I think it was Super Mario Bros. when I was 4.


----------



## Shetana (Jan 3, 2014)

I was 4 playing Super Mario Brothers .
I can't get my mom to give me my NES back, but I do have the Wii and DS versions, so technically I still play it.


----------



## Batty Krueger (Jan 3, 2014)

Comm64 "Tank Wars"


----------



## lupinealchemist (Jan 3, 2014)

2600, Pacman, Donkey Kong and Outlaw.


----------



## Bittertooth (Jan 3, 2014)

PC's chex quest, aka shoot-the-slimes


----------



## Fernin (Jan 3, 2014)

Tempest!

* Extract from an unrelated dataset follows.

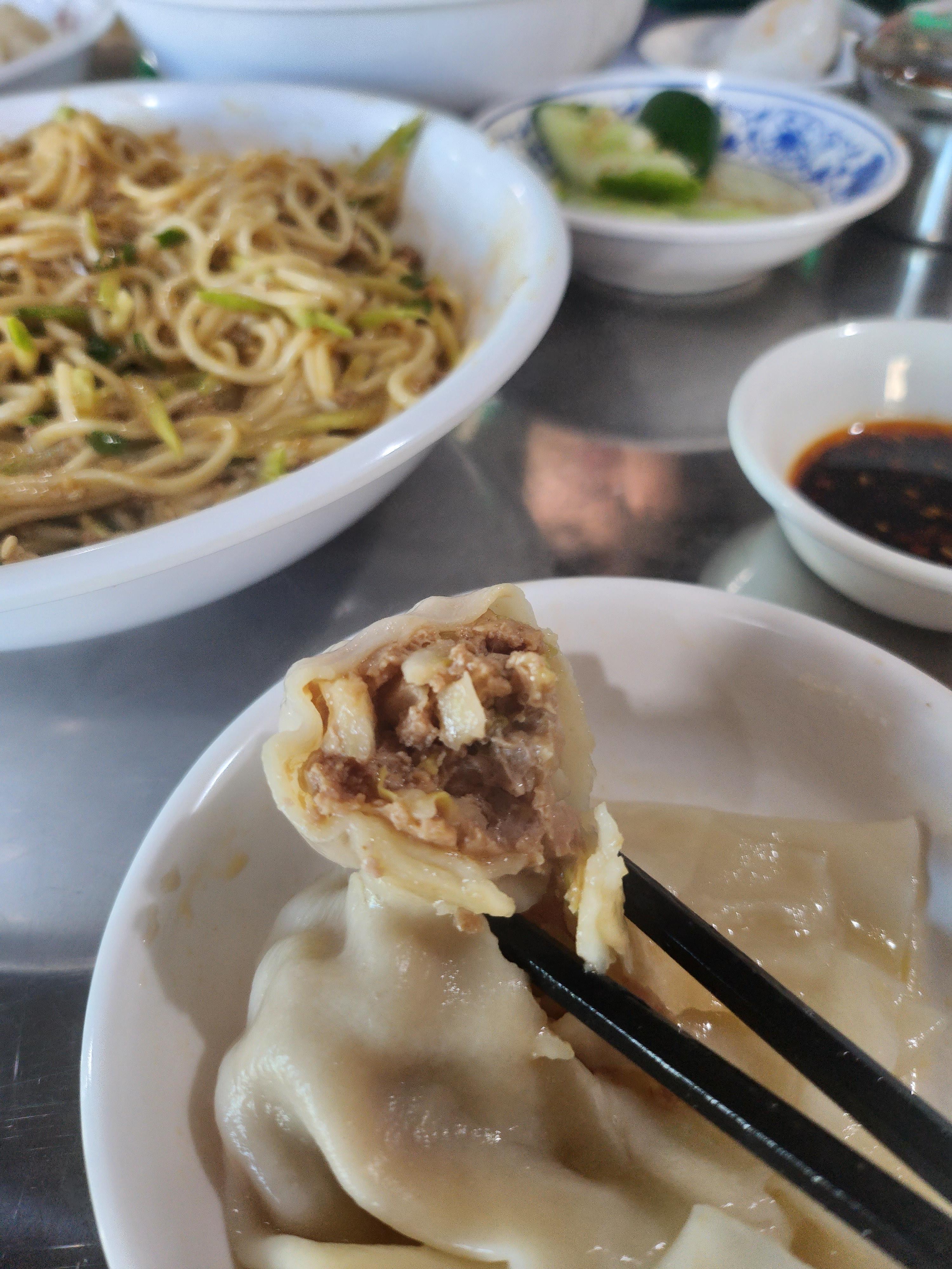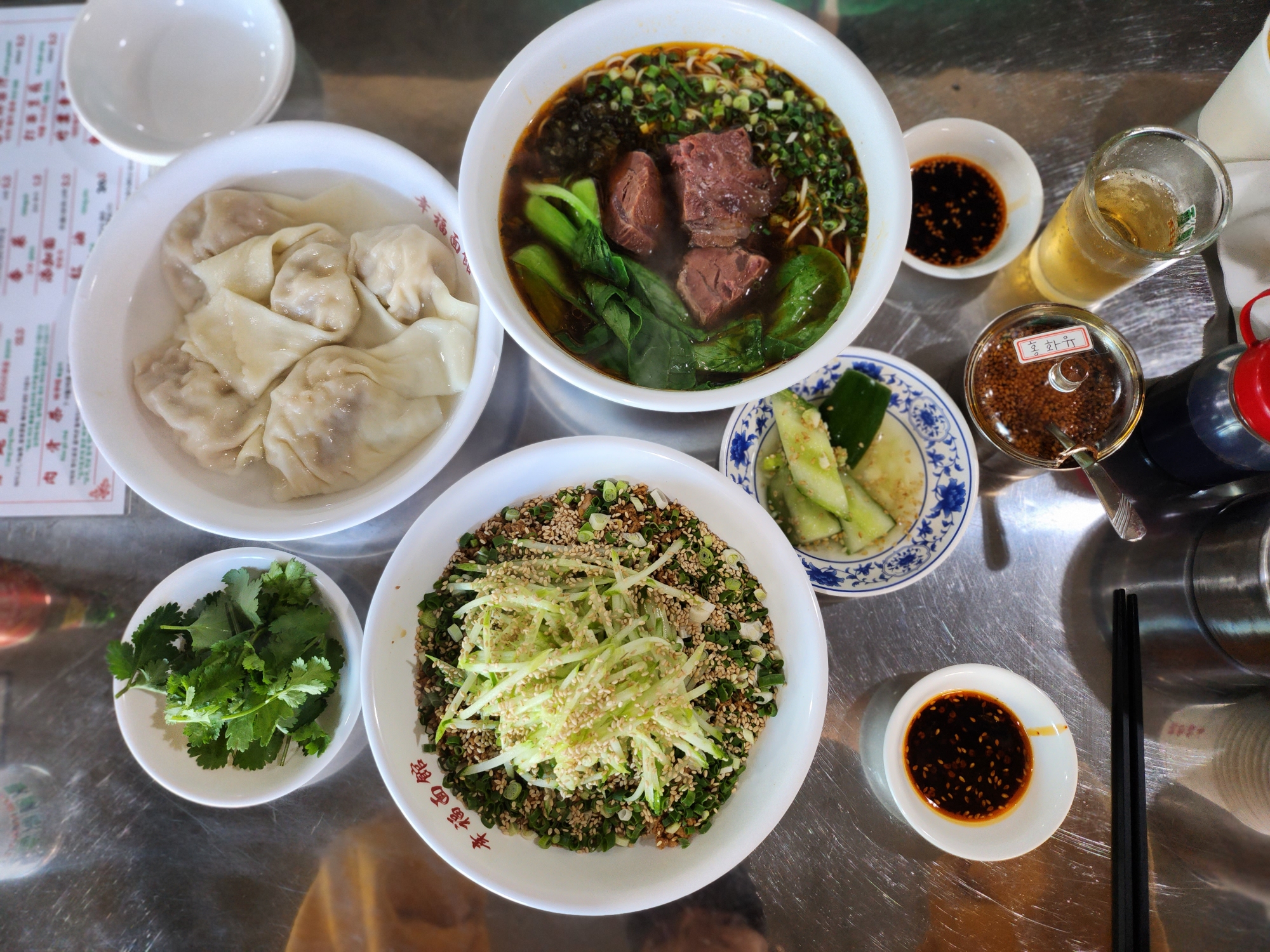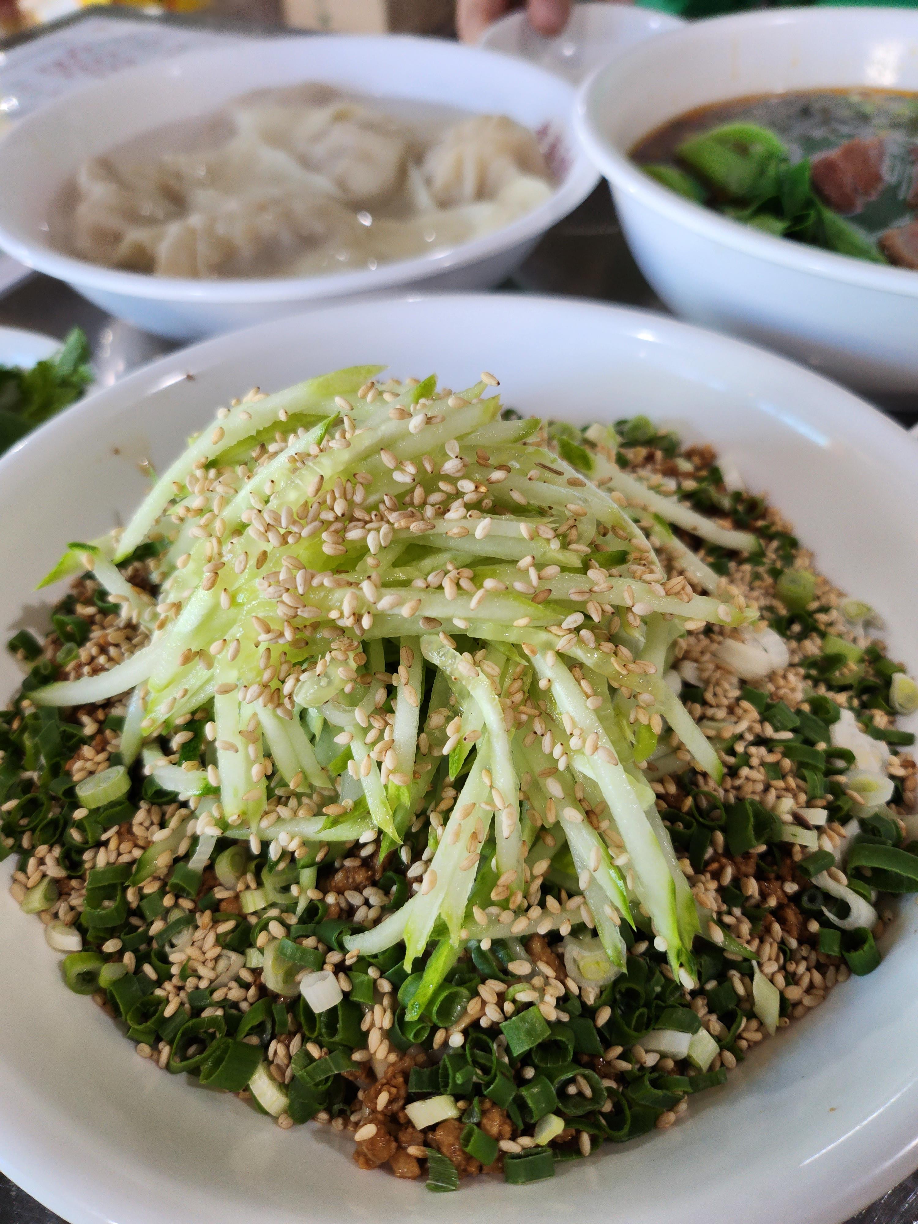 우리는 홍소 우육면과 중국식 비빔면인 열간면

My mom's friend had one of the arcarde machines in his rec room and I used to play the shit out of it when I was little. (4-5)

[yt]qNNZRKxdsNA[/yt]

For the first game I personally owned, Super Off Road for the NES, not only did I play the hell out of it when I was a little kid (4-8 or so), but I had the four player multitap thingie for NES so myself, my cousins, and some of the other kids in the neighborhood used to play it together alot.

[yt]-iKQIYK1AuI[/yt]


----------



## Willow (Jan 3, 2014)

NES, Super Mario Bros. and N64, Ocarina of Time. I had to have been 5 maybe. 

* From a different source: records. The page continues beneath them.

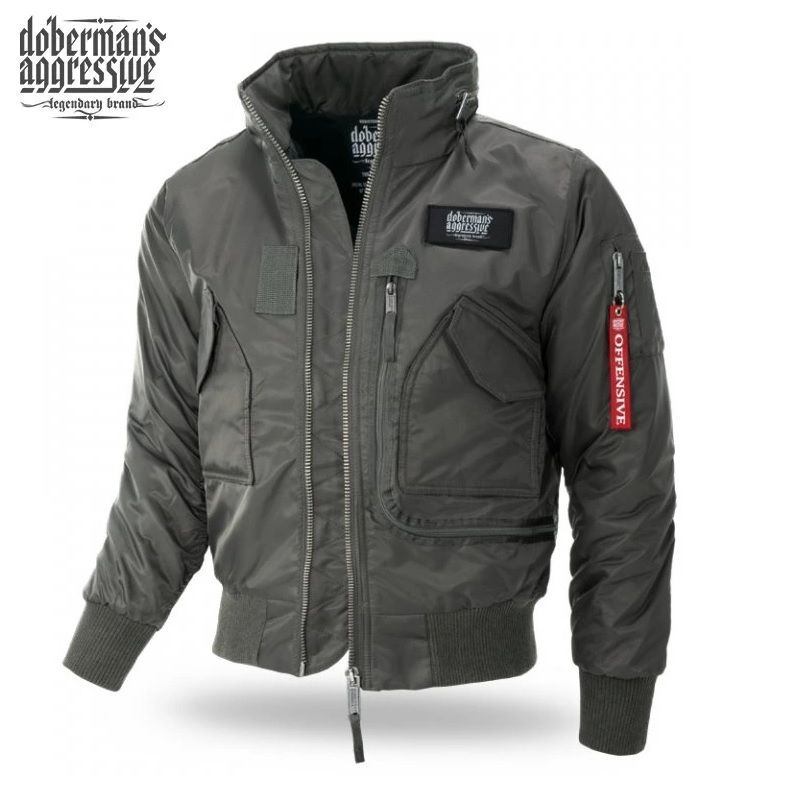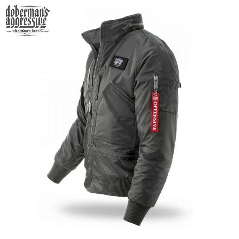 Bunda v bomber strihu so stojačikom sa zapína na zips. Na ľavom rukáve je vrecko na zips a červený štítok OFFENSIVE. Disponuje veľkým vreckom so zapínaním na zips v prednej časti bundy a dvoma menšími vreckami so zapínaním na suchý zips. Na hrudi je vyšívaná nášivka na suchý zips s logom Dobermans Aggressive. Na rukávoch a leme má elastický rebrovaný lem.
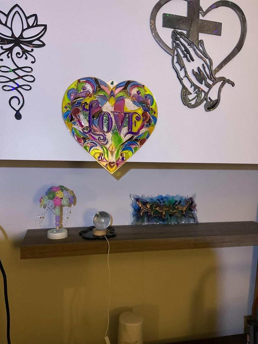 This 3D printed part sits flat against a panel allowing the artist to stick it in place using a thin coat of resin.   The artist can then pour resin into the different areas creating a unique artwork for a wall or window.  It may also be used with release film to make a stand alone piece although we recommend you use the heart shaped panel for ease of use and best result.
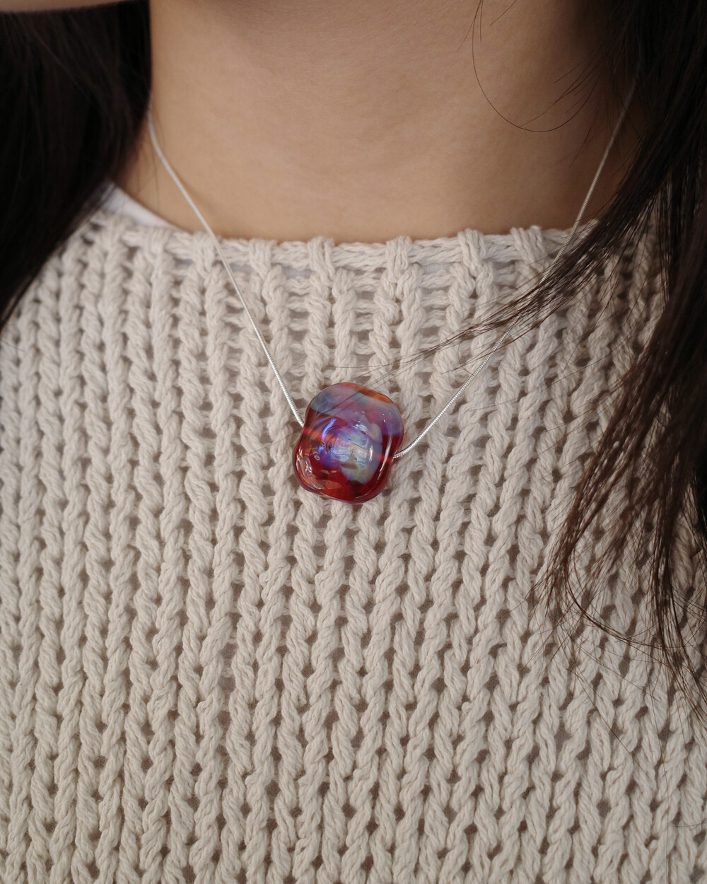 다양한 형태의 유리, 원석을 조합하여 화려하고 독특한 핸드메이드 주얼리를 탄생시키는

My aunt used to have a lot of game systems and she used to watch me so I'd play them whenever I was over at her house. And I'm pretty sure that's how I wound up with my N64 because then I wanted one.


----------



## Zydala (Jan 3, 2014)

when I was three, killing mario on world 1-1, running into the first goomba

No joke, I didn't play video games for seven years after that, it scarred me so bad :V I would only play educational PC games after that


----------



## chocomage (Jan 3, 2014)

Warlords on the atari. That was a good game. I would still play it if I could. When I was in college they had an atari arcade machine and I topped the scoreboard on it. Good times.


----------



## SirRob (Jan 4, 2014)

Mega Man X. Maybe it's not the first, I'm not really sure-- I'm the youngest so we already had video games before I was born. It's definitely the most vivid experience for me, though. I remember I would watch my brother play it. One time I tried to play it by myself... The SNES was in the basement, and it was scary for me to go down there, but I did it for Mega Man. I almost beat it, but I lost to Sigma. It was pretty disappointing for me too, since it was one of the easiest games we had. It's funny, because I know all the secrets to that game, but I don't remember ever _learning_ those secrets. It's like, I was exposed to them before I could even develop concrete memories.


----------



## Maolfunction (Jan 4, 2014)

Erasing my mother's file of A Link to the Past when I was 3. 

She was not happy.


----------



## SirRob (Jan 4, 2014)

Maolfunction said:


> Erasing my mother's file of A Link to the Past when I was 3.
> 
> She was not happy.


Pretty darn good way to send the message that you want her to spend time with you, though.


----------



## Maolfunction (Jan 4, 2014)

SirRob said:


> Pretty darn good way to send the message that you want her to spend time with you, though.


That was not my intention. I couldn't read at the time and had no idea what I was doing when I was pressing buttons on the menu. I just wanted to play the game, and after a while, I got it to work.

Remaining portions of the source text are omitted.